ゴッホの本当の話

私の世界についての理解は生半可なものが多い。それを、また気づかせてくれたのは、NYTで読んだ、ヴィンセント・ヴァンゴッホについての話だ。

私の理解では、ヴィンセントの弟のテオが、生涯を通じて、兄を支え、その死後に画家として評価されるものにしたということだ。

でも、事実はそうではない。

ヴィンセントが自殺した後、1年もしないうちにテオは病死している。残されたのは、結婚後21ヶ月の未亡人、ヨハンナで、生後数ヶ月の息子がいた。そして、テオは評価されない、ヴィンセント400枚の作品と数百枚のドローイングも残された。

亡くなったのは、ヴィンセント37歳でテオは33歳だった。ヨハンナもまだ28歳だった。

テオは数枚の作品を、多分安い値段で売ることができていたが、美術界では評価さない画家として、ヴィンセントは亡くなった。この後に、何も行われなければ、ヴィンセントが世に知られる事はなかったのだろう。

ヨハンナは、今までもヴィンセントの今に至る評価に対して多少の貢献をしたと考えられていたが、それは、そう大きくもないとも考えられていた。それは女性であったことと、画商や美術のバックグラウンドが全くなかったからだ。彼女は、結婚前に語学教師としてトレーニングを受けていた。

2009年にヨハンナの日記が家族により公開されて、多くの事実が明るみに出た。

美術史家のハンス・ルイテン(Hans Luijten)は、ヴィンセントの手紙やヨハンナの日記をもとに、1冊の本を表した。「オール・フォー・ヴィンセント」と言う本で2019年にオランダで出版された。この著作が、この3人の多くの事実を明るみに出した。

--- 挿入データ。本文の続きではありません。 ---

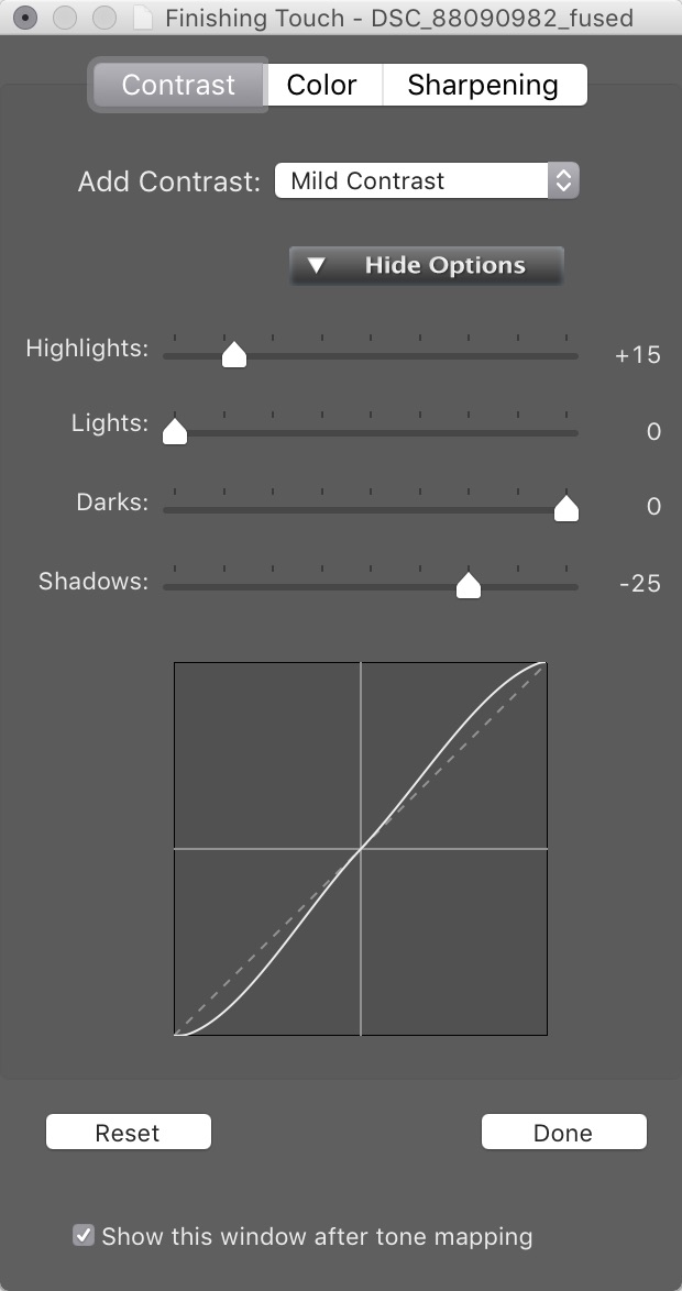 After you click Apply, the image is handed off for finishing touches. Here you can take things a bit further to stylize the image. I suggest adding a bit of a curve and some sharpening. If you’re an Adobe user, you can also choose to open the file in Photoshop or import back into Lightroom for some extra touches or cleanup. Sometimes HDR workflow will bring out any dust or lens spots. I’m always a suck for using the gradient maps in Photoshop.
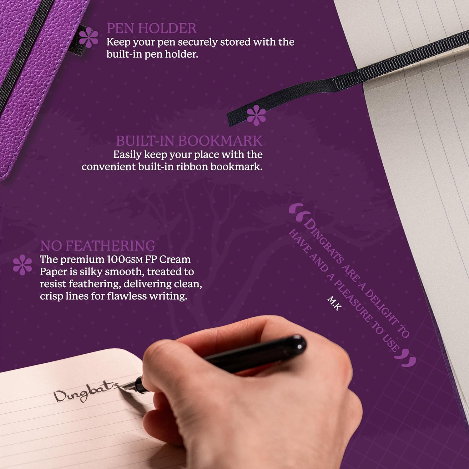 - 2. HIGHEST-QUALITY WRITING PAPER: Dingbats Purple Hippo Medium A5 Notebook Journal has 192 pages-96 sheets of no bleed, smooth writing, Cream 100gsm, acid-free fountain-pen friendly, perforated lined paper in a flat lay design
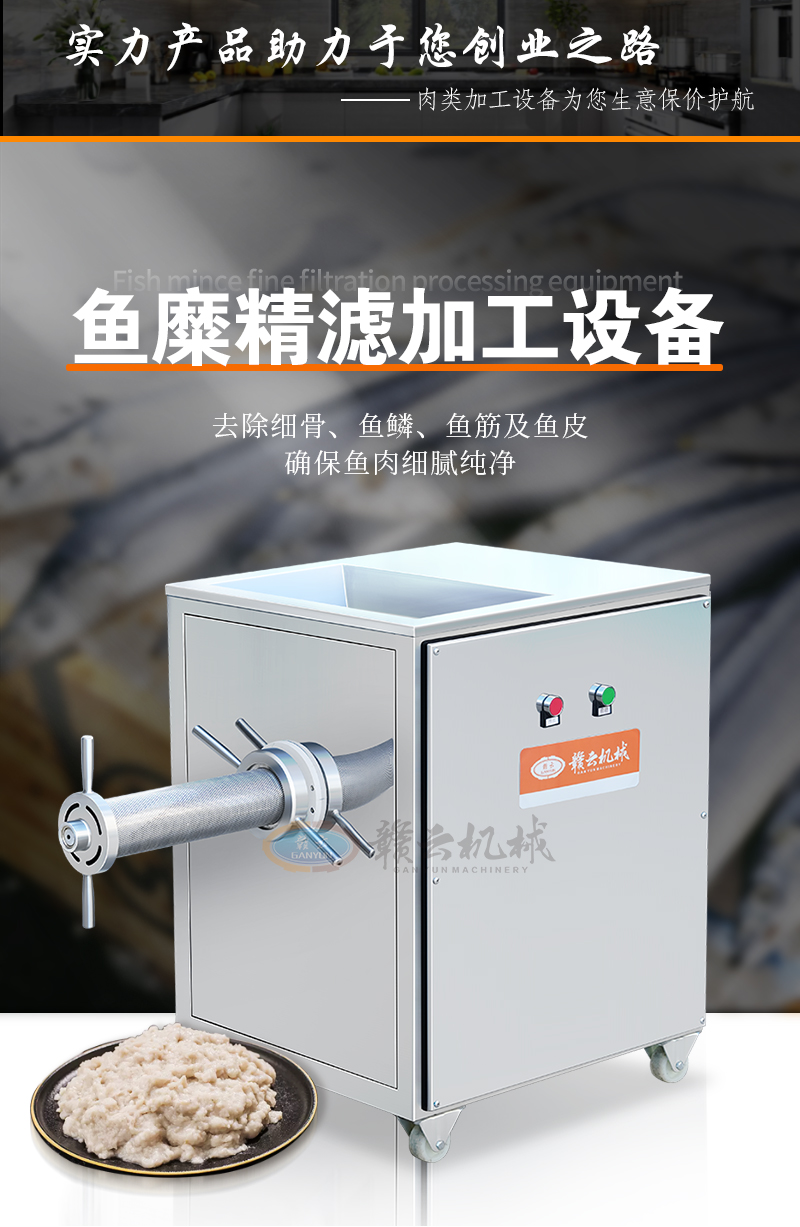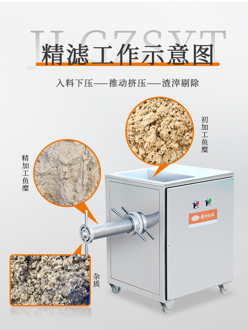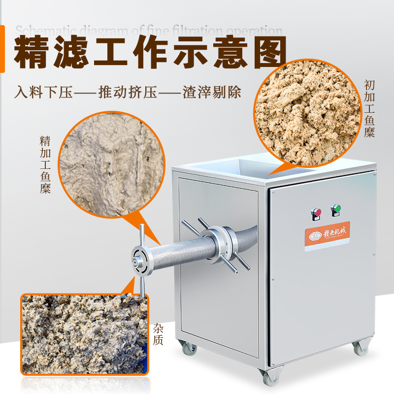 用于去除殘留在魚肉中的魚刺、魚細(xì)骨、魚皮、魚鱗、魚筋等雜質(zhì),提升魚肉品質(zhì)。
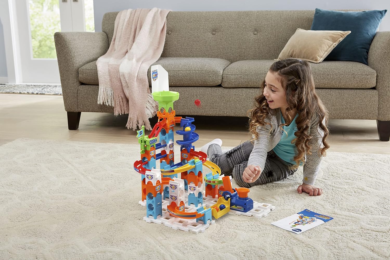 SUPER CIRCUITO: all'interno di questo set sono presenti 62 pezzi e 5 MarbleBiglie inclusi per creare un super circuito LANCIO POTENTE: incluso un lanciatore per lanciare le biglie in verticale e raggiungere il bersaglio e un’area di lancio per lanciare a tutta velocità le MarbleBiglie PASSAGGI SEGRETI: con questo set il tuo bambino potrà creare circuiti con tanti passaggi segreti e bivi CREATIVITÀ E LOGICA: i bambini sviluppano capacità motorie, creatività, logica e immaginazione creando infinite combinazioni MARBLE RUSH: questo set fa parte di una gamma innovativa di circuiti elettronici per biglie che forniscono tanta interattività e fantasia per ore e ore di gioco; set compatibile con altri set della gamma
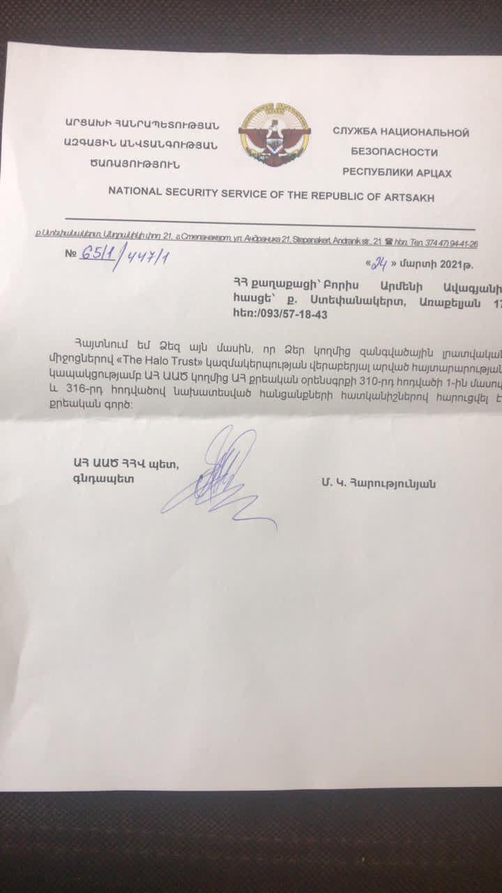 Արցախի նախագահի ներկայացուցիչ Բորիս Ավագյանին Արցախի ԱԱԾ-ից հայտնել են, որ բրիտանական «HALO Trust» ընկերության գործունեության վերաբերյալ իր հայտարարության կապակցությամբ Արցախի ազգային անվտանգության ծառայությունում հարուցվել է քրեկան գործ ԱՀ Քրեական օրենսգրքի 310՝ պետական դավաճանություն և 316 -րդ՝ լրտեսությունը հոդվածի հատկանիշներով է
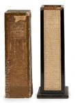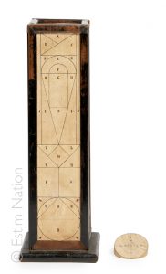 Colonne composée d'éléments en bois annotés à l'encre et assemblés surmontée d'un capuchon de protection en papier épais. Un commentaire manuscrit, vraisemblablement réalisé par son inventeur, est collé sur un des flancs : 'Description des figures sur lesquelles l'étude a été faite et réussie à toute épreuve/Voir dans cette boite la décomposition d'un prisme quadrangulaire en pièces identiques'.../La décomposition l'a morcelé en dix-neuf pièces des plus variées pour la forme et des plus arides pour le calcul.../Le 1er janvier 1885'
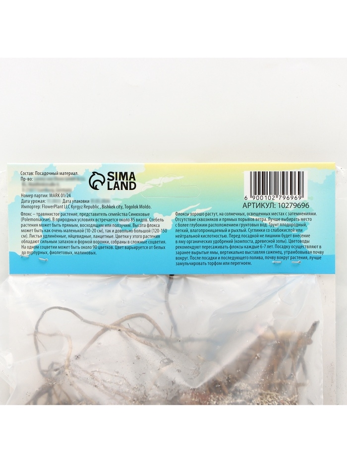 Флокс «Зенобия» корневище в пакете с торфогрунтом, р-р I, 2 шт.
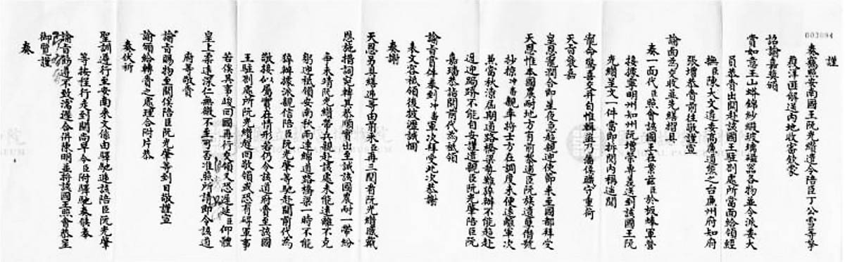 Quốc Lập Cố Cung Bác Vật Viện, Cung Trung Đáng Tấu Triệp, triều Gia Khánh số hiệu 088829. Bản tâu của Cát Khánh về việc thân thần An Nam quốc vương Nguyễn Quang Toản là Nguyễn Quang Triệu cung kính đến cửa quan thay mặt nhận lãnh dụ chỉ và các món được thưởng liệu có được không xin chỉ để thi hành.
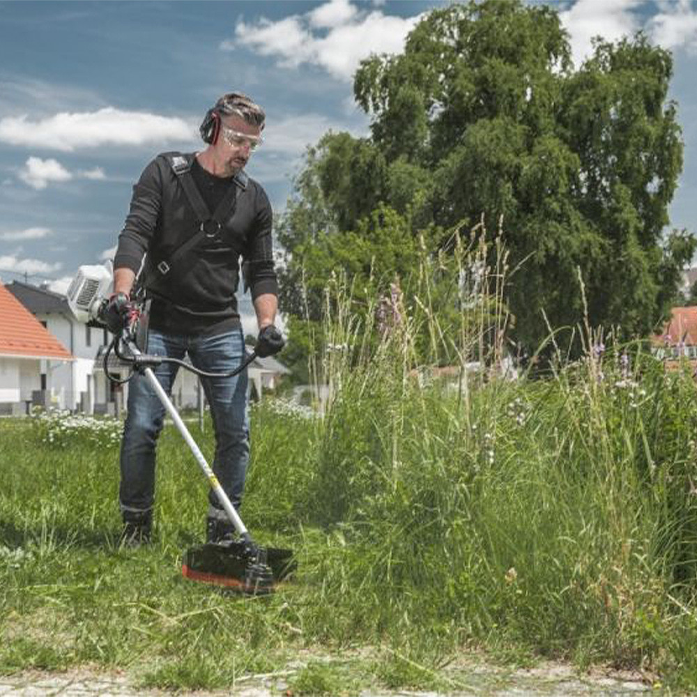 A könnyen induló 1,25 kW-os, legújabb generációs 2 ütemű motor révén ezzel a motoros kaszával nagy teljesítményű kaszát birtokol, melyet kezdőként és hobbikertészként is kényelmesen, biztonságosan használhat. Segítségével erősen jut át bármilyen terepen – akár a nagyobb gyepeken, a magas fűben, a sövényeken vagy bozótban.
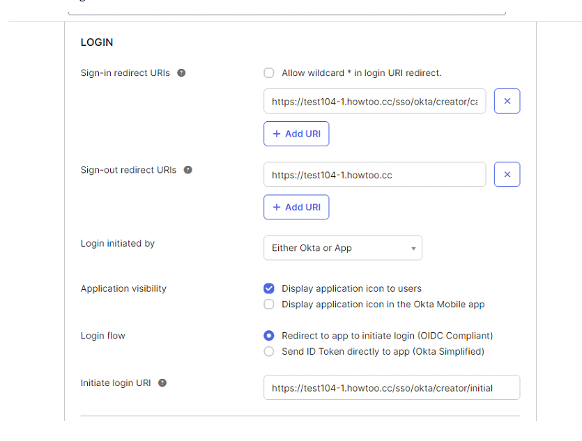 - The sign-in redirect URLs and sign-out redirect URLs can be found in HowToo when configuring your Okta setup. They should look something like https://yourcompany.howtoo.co/sso/okta/creator....

夫テオの死後、パリから故郷のオランダにに戻って、ヨハンナは生活のために下宿家を開いた。ヴィンセントの友人の画家が、ヴィンセントの作品をパリに置いて展示会などを開いて売っていく方が良いと言うアドバイスをするが、彼女はそれに従わず、作品を手元に置いた。下宿屋の壁にその作品が飾られていたと言う。

彼女は日記に書き残している。「亡き夫は2つの仕事を残していった。1つは幼い息子のヴィンセント(テオは、兄の名をとって息子につけた)、もう一つはヴィンセントの作品であった」。

テオは多くのヴィンセントからの手紙も保管していた、彼女はそれを一つ一つ読み始めたそして、ヴィンセントの生活や不眠症、貧困、自信喪失などを理解していった。また、自分の作品についてたくさんのことを書き残していた。描いている作品の事や読んでいる本、インスピレーションを得た他の画家の作品等についてだ。

ヴィンセントの作品を世に出すために学ぶ一方、地元の様々な集会などに積極的に参加するようになっていたと言う事だ。ヴィンセントの手紙を読み、自ら抱いていた社会正義への願いと結びつけ、ヴィンセントの他の人に何かを伝えようと言う思いを共有していった。

ヴィンセントの作品のために、テオの友人の画商などにコンタクトをするが、ヴィンセントの作品は、俗悪で野蛮として取り合ってもらえなかった。彼女はこれを自分が女性であるからまともに扱ってもらえないと言うふうにも理解していたようだ

1890年頃から、美術界の潮目が変わっていた。リアリズムと神秘主義が融合するような動きが始まっていたのだ。印象派から何か新しいものへの動きだ。このために徐々にヴィンセントの作品は評価を受けるようになってきた。1892年にヴィンセントの単独の作品展をアムステルダムで開いている。

そこからヨハンナの努力で、ヨーロッパでヴィンセントの評価が高まっていく。彼女は語学教師だったから、フランス語、ドイツ語、英語に堪能だった。それを生かしてヨーロッパ各国に美術関係者に手紙を書いたりして、徐々にヨーロッパ各地の美術会の関心を集め、1895年にはパリで展示会も開かれた。

その後ヨーロッパ各地で100回目の展示会を開いたそうだ。1905年にはアムステルダム市立美術館で、ヴィンセントの作品展を開き、すべてを自分で取り仕切った。この作品展は484もの作品を展示したと言うことだった

この時点では確実にヴィンセントの作家としての地位は確立していた。売ろうと思えばほとんどの作品は売れたはずだ。これは画家としてのヴィンセント本人のストーリーと作品をパッケージとして、ヨハンナが確立したからだ。そして、それは彼女1人の手によってなされた。この作品展の後でヴィンセントの作品の価格は何倍にもなったと言うことだ。

そして、今に至る、画家としてのヴィンセント・ヴァンゴッホが理解された。

これを読んで、何も知らなものだと、改めて思った。